The VCE data center partnership resulted in taking the UCS computing system as a basis and integrated a storage unit and VMware to the solution stack. This is a solution that is sold as a “plug and play” virtualization building block and helped to establish UCS as a strategic platform. The Ionix part of the vBlock solution has “overall management” written over it, directed to allow management of all components from a central interface. More questions come to mind regarding VCE and UCS:
- Are there any plans to provide the option to upgrade to a vBlock solution from a purchased UCS stack? If I currently have a UCS setup, can I add the missing components and have my setup validated so that I can add a storage array and the Ionix management to create my own vBlock?
- I am putting “all of my eggs in one basket” by solely implementing the UCS solution. Of course I need to plan growth, but what happens if Cisco encounters issues in delivering new hardware? Small and medium enterprise sized companies usually need to have multiple suppliers to avoid such problems, but how does Cisco handle this?
- How well do the UCS components work with other hardware beyond VCE, and is Cisco also offering a unified management solution for a heterogeneous environment? If not, what interfaces are they offering to implement central management?
We look forward to the response from Cisco and our readers!
Gestalt IT Tech Field Day – On Cisco and UCS…
There are a couple of words that are high on my list as being the buzzwords for 2010. The previous year brought us things like “green computing”, but the new hip seems to be “federation”, “unification”. And let……
The quietness of this thread is telling the UCS is all marketing hype and no added value. Its a complete rip and replace that will never show an ROI and that’s what ITs all about.
UCS is a major step forward in the server compute datacentre space. In simple terms, it will reduce costs, and by a significant amount and deliver a far better service. As you dig deaper you will see that a number of signicatnt UK cloud providers are building their businesses on this architecture… now that tells you a story. As you deep a even deeper you will see on a cost per port and application it wipes the floor with everyone else. Some unique patents and a total blade redesign to strip out all of the inefficiencies of the rest of the market. My predicion will be 2012 will the year when the Cisco UCS Datacentre becomes the norm!
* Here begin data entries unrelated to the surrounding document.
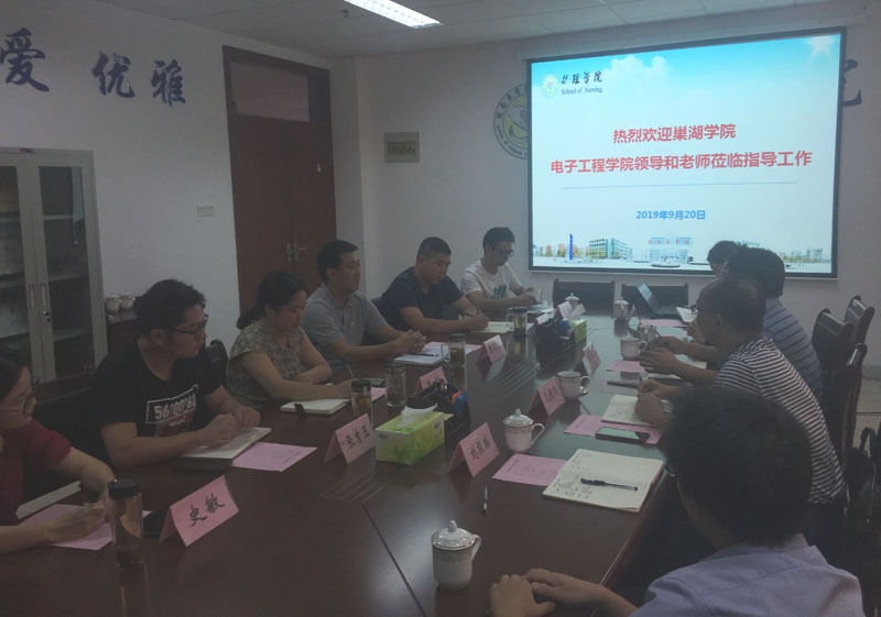 9月20日上午,电子工程学院一行赴安徽师范大学物理与电子信息学院交流学习。物理与电子信息学院党委书记李娟结合学院宣传片介绍了物电学院的基本情况,并着重介绍了学院分党委在抓领导班子建设、抓思想政治教育、抓基层党支部建设、抓党风廉政建设及抓和谐学院建设等方面的具体做法,强调要围绕中心抓党建。随后,副书记黄友生及团学工作人员分别就学生管理及团学工作中的一些典型做法和成功经验进行了详细介绍。会后,陈海波一行还参观了物电学院的学生创新实验室。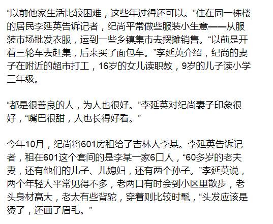 在六楼的出租房内,纪尚和他妻子、儿子的遗体被警方发现,他女儿则死于楼上的家中。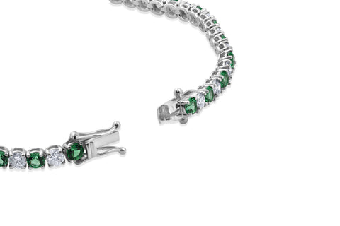 8ct Emerald & Diamond Tennis Bracelet 14K White Gold 7"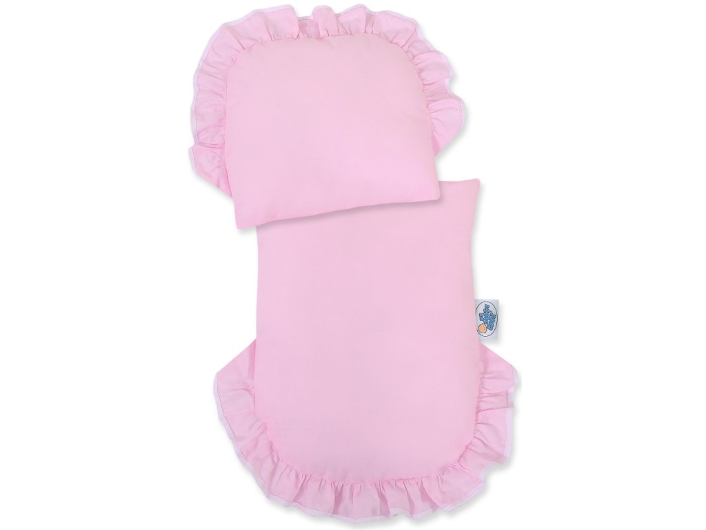 Součástí kočárku je měkké polstrování, ozdobné mašle a volánek kolem kočárku a sada lůžkovin (peřinka s polštářkem)

Pretty amusing that you keep referring to Cisco as a server provider (in other places as well), but they don’t have a history of doing that and have a very fractured working image for their networking pieces. That’s hardly a golden recommendation for a serious server provider. Also, note that vendor lock-in has been taken to a new level – by someone who has NEVER produced servers before…as if it were so easy to do it well. You need to go talk to some serious IT shops and find out what’s really going on. UCS is pretty scary to most folks.
Someone .
we have 400 ( ok “had” ) physical 1U,2U and 5U Ibm boxes in 20 racks with associated cabling and ports on 5Ks and fexes and top of rack switches.
Now we have 2 UCS 6100 clusters with 2 chassis each and 10 blades per cluster ( room to grow ).
It takes up the top half of 2 racks, no 5K ports and probably will pay for itself in electricity savings alone in under 2 years.
yea .. marketing hype ….we’ll never buy another physical server again. … And I go back to a Z80 proc running CP/M.
Have you ever had your whole data center crash? Well, I’ve seen it twice now, all on UCS. The DME in UCS makes it great, save configurations, blah, blah, but it is also its Achilles heel. If you get bitten by bad “firmware”, the result of a power hit to your UCS, you better pray you have the “good” firmware in place, otherwise, the blades do not come up as advertised. Also, are you tight on space in your co-lo? only have power for 3 UCS chassis in a single rack? Well, you can power up two HP C-7000’s with the same power. Difference? 3 * 8 24 UCS blades or 2 *16 or 32 HP blades. I think I will take the extra blades and horse power.